Question

solve the given differential equation. (y^{2}+4)dx = ysec^{2}(x)dy

Explanation:

Step1: Separate variables

Separate the variables in the differential equation \((y^{2}+4)dx = y\sec^{2}(x)dy\) to get \(\frac{dx}{\sec^{2}(x)}=\frac{y}{y^{2}+4}dy\). Since \(\frac{1}{\sec^{2}(x)}=\cos^{2}(x)\), the equation becomes \(\cos^{2}(x)dx=\frac{y}{y^{2}+4}dy\).

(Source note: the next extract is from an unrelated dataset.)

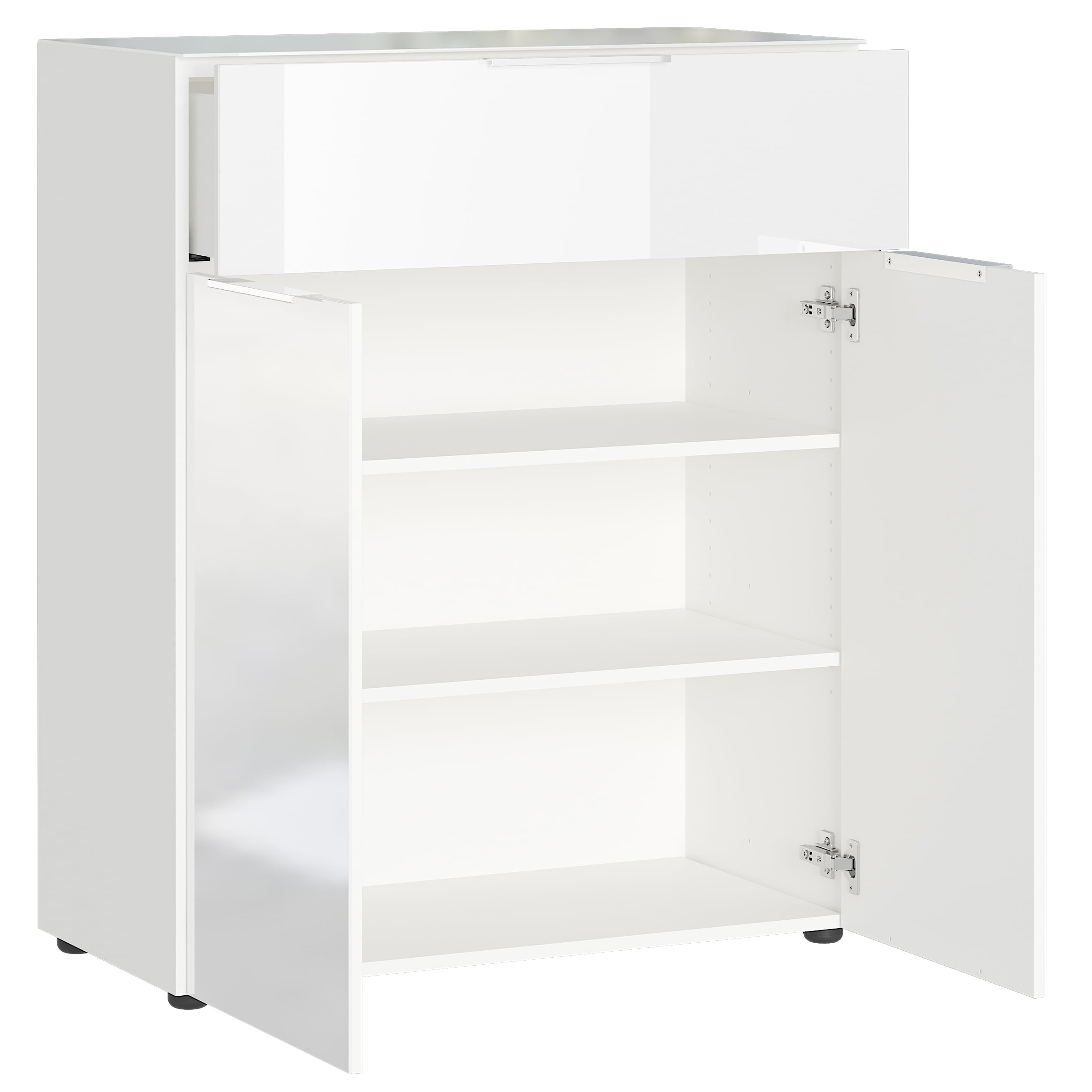 Deze bergkast heeft een combinatie van een deur en een lade. Achter de deuren met softclose-systeem liggen 2 legplanken zodat je 3 opbergvakken hebt.

Step2: Integrate both sides

Recall that \(\cos^{2}(x)=\frac{1 + \cos(2x)}{2}\). Integrate the left - hand side \(\int\cos^{2}(x)dx=\int\frac{1+\cos(2x)}{2}dx=\frac{1}{2}\int(1 + \cos(2x))dx=\frac{1}{2}(x+\frac{\sin(2x)}{2})+C_1=\frac{x}{2}+\frac{\sin(2x)}{4}+C_1\). For the right - hand side, let \(u = y^{2}+4\), then \(du = 2y\;dy\) and \(\int\frac{y}{y^{2}+4}dy=\frac{1}{2}\int\frac{du}{u}=\frac{1}{2}\ln|u|+C_2=\frac{1}{2}\ln|y^{2}+4|+C_2\).

Step3: Combine the results

We have \(\frac{x}{2}+\frac{\sin(2x)}{4}=\frac{1}{2}\ln|y^{2}+4|+C\) (where \(C = C_2 - C_1\)).

Answer:

\(\frac{x}{2}+\frac{\sin(2x)}{4}=\frac{1}{2}\ln|y^{2}+4|+C\)